YOUR INSTRUCTIONS: Starting at the line that holds "deux chambres séparées" and stopping at the line that holds "基本上,由于客户有好的连接器", restate the records below word for word, with both of those lines included.

DATA:
·····
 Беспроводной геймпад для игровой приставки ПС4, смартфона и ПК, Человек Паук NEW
·····
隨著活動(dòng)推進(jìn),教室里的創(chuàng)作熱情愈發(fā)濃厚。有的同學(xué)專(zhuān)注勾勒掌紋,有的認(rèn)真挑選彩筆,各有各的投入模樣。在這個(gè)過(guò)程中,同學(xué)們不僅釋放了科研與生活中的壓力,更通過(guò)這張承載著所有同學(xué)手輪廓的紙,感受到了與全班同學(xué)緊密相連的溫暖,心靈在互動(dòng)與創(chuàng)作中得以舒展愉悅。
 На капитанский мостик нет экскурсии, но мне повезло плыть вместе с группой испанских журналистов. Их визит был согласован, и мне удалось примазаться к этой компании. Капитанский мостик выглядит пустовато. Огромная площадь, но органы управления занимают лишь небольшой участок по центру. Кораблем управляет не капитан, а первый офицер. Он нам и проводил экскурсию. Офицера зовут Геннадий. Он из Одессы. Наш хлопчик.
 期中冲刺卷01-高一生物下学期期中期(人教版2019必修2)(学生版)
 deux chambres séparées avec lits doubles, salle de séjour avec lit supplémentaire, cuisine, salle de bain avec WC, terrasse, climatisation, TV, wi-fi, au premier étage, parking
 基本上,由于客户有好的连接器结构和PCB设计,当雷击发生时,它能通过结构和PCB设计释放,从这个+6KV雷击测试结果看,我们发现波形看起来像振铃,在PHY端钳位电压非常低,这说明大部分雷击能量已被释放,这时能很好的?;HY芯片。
·····
RESULT BELOW:
 deux chambres séparées avec lits doubles, salle de séjour avec lit supplémentaire, cuisine, salle de bain avec WC, terrasse, climatisation, TV, wi-fi, au premier étage, parking
 基本上,由于客户有好的连接器结构和PCB设计,当雷击发生时,它能通过结构和PCB设计释放,从这个+6KV雷击测试结果看,我们发现波形看起来像振铃,在PHY端钳位电压非常低,这说明大部分雷击能量已被释放,这时能很好的?;HY芯片。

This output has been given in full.